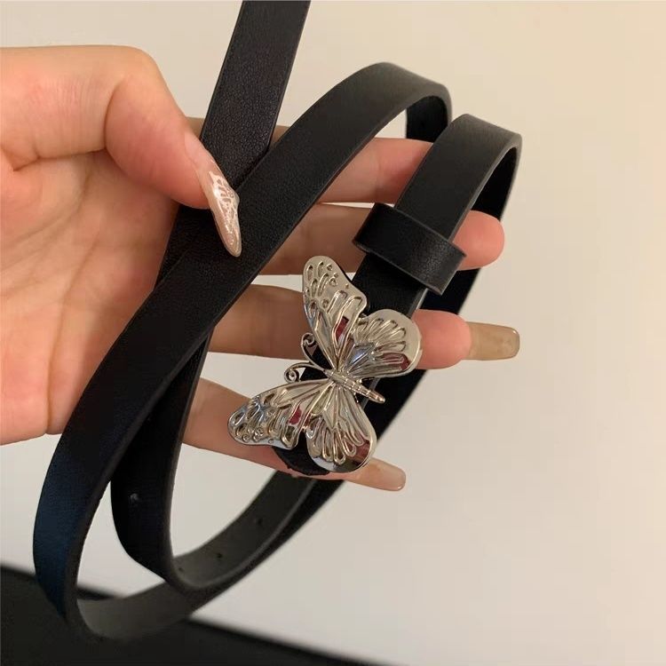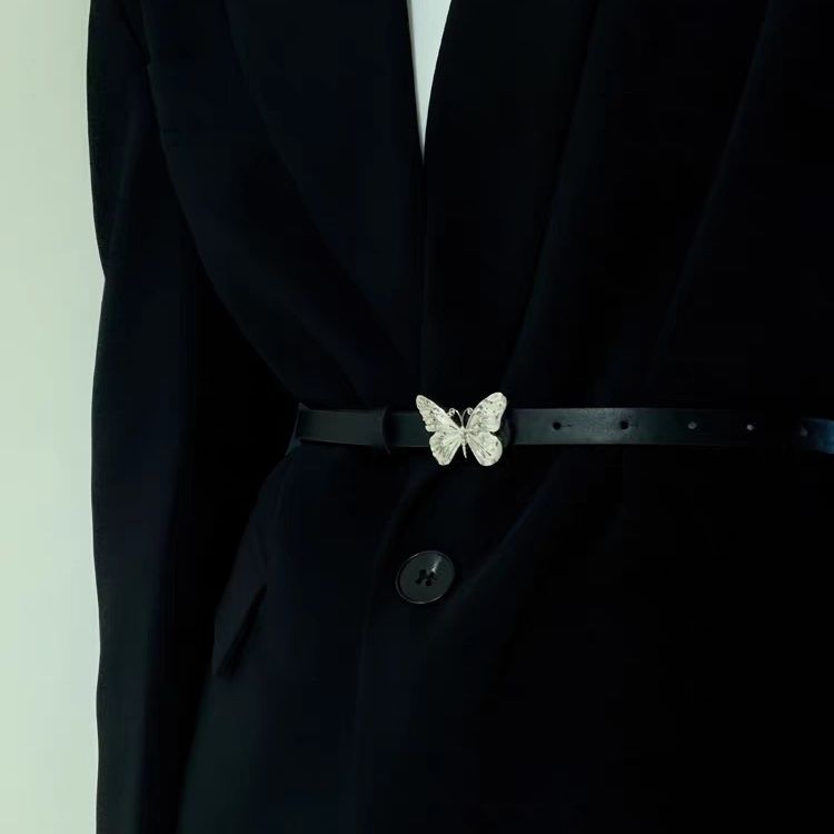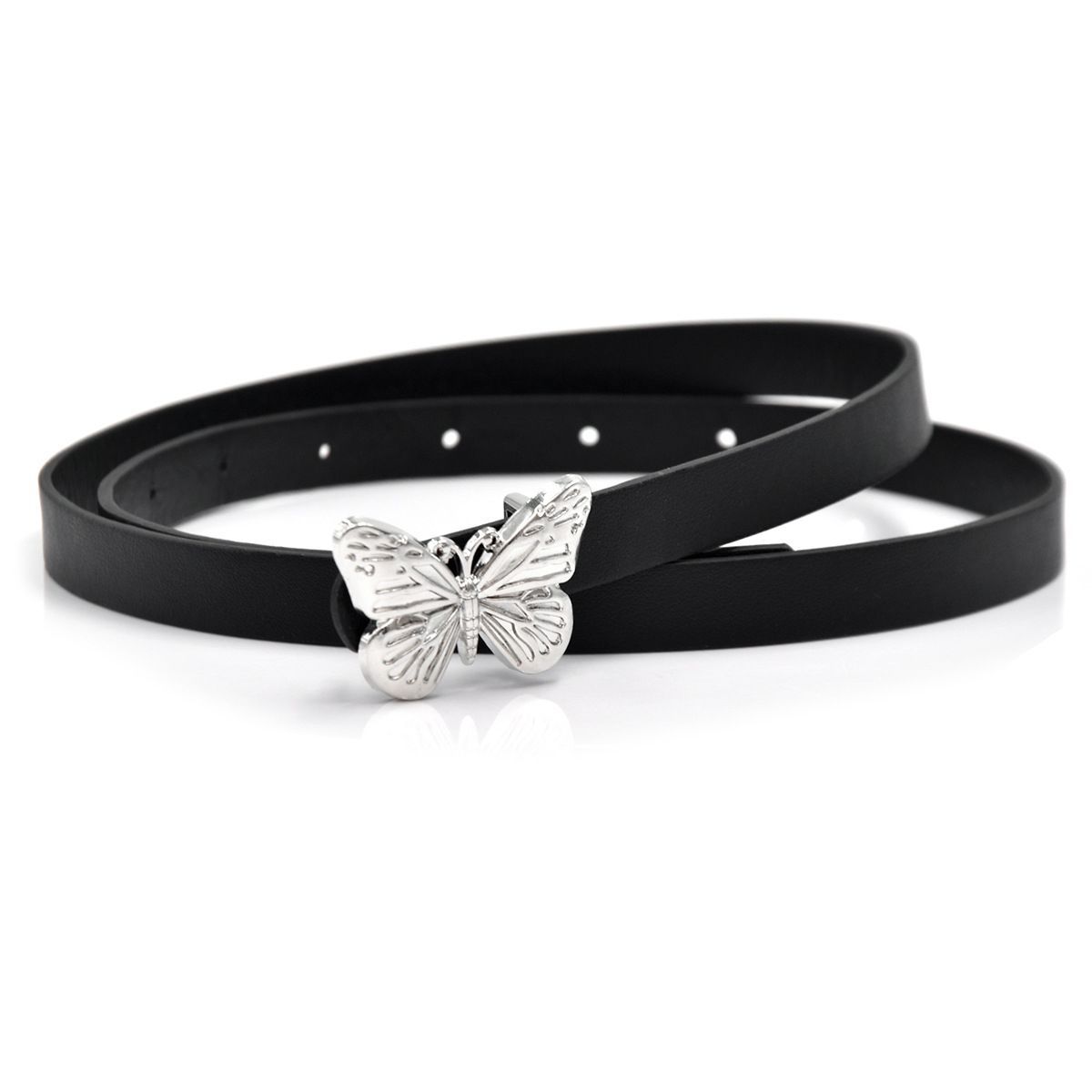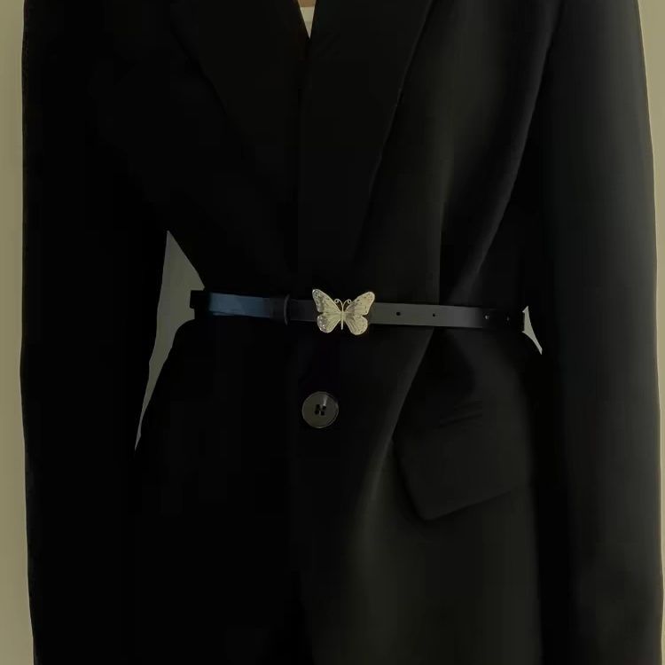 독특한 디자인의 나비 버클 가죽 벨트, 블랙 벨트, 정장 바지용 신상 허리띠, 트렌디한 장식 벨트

==

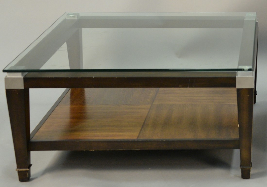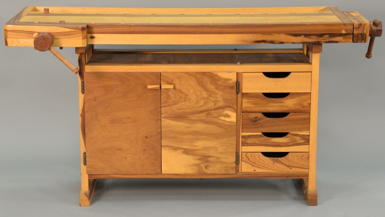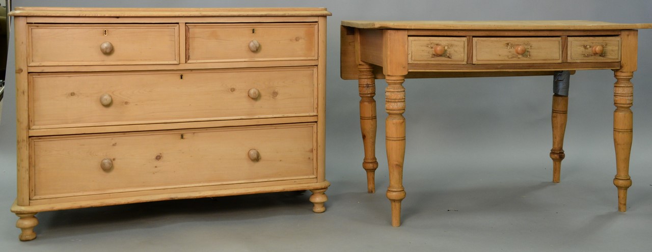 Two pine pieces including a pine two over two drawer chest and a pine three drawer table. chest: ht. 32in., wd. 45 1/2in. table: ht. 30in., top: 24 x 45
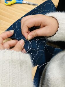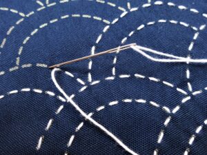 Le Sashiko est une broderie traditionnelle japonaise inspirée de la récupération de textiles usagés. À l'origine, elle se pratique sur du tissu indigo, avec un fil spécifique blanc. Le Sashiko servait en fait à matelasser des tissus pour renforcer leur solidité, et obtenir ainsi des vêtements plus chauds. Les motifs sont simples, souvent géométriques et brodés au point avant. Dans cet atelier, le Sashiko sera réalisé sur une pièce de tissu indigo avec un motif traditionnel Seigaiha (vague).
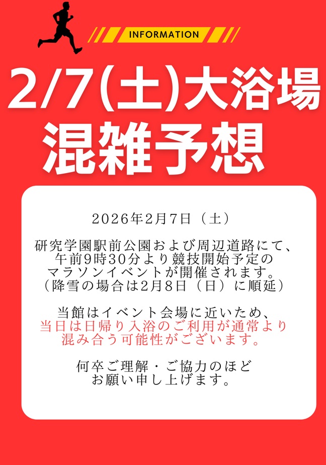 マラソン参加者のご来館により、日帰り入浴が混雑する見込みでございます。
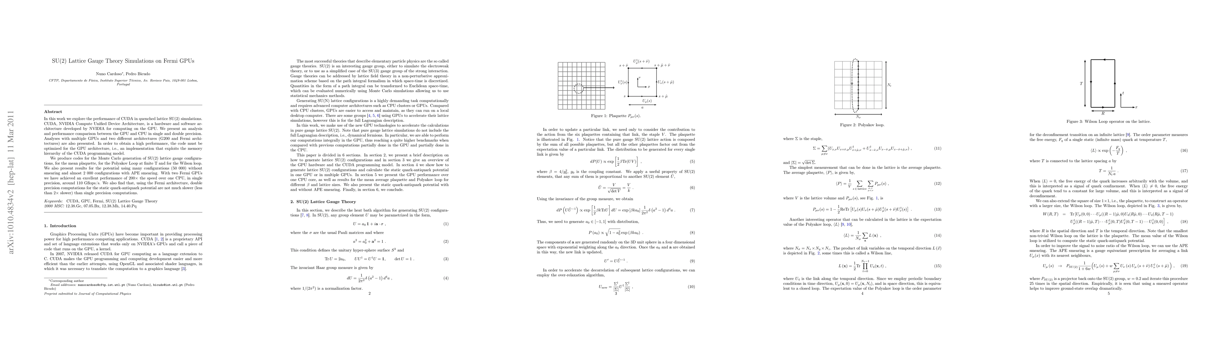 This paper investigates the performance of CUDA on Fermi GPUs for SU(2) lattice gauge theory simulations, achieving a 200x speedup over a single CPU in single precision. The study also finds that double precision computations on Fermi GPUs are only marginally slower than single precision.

◆ **What to do**: In the material above, the stretch from the line with "Le Sashiko est" through the line with "マラソン参加者のご来館により、日帰り入浴が混雑する見込みでございます。" is to be given again exactly, minus the pictures.

◆ **Written response**:
 Le Sashiko est une broderie traditionnelle japonaise inspirée de la récupération de textiles usagés. À l'origine, elle se pratique sur du tissu indigo, avec un fil spécifique blanc. Le Sashiko servait en fait à matelasser des tissus pour renforcer leur solidité, et obtenir ainsi des vêtements plus chauds. Les motifs sont simples, souvent géométriques et brodés au point avant. Dans cet atelier, le Sashiko sera réalisé sur une pièce de tissu indigo avec un motif traditionnel Seigaiha (vague).
 マラソン参加者のご来館により、日帰り入浴が混雑する見込みでございます。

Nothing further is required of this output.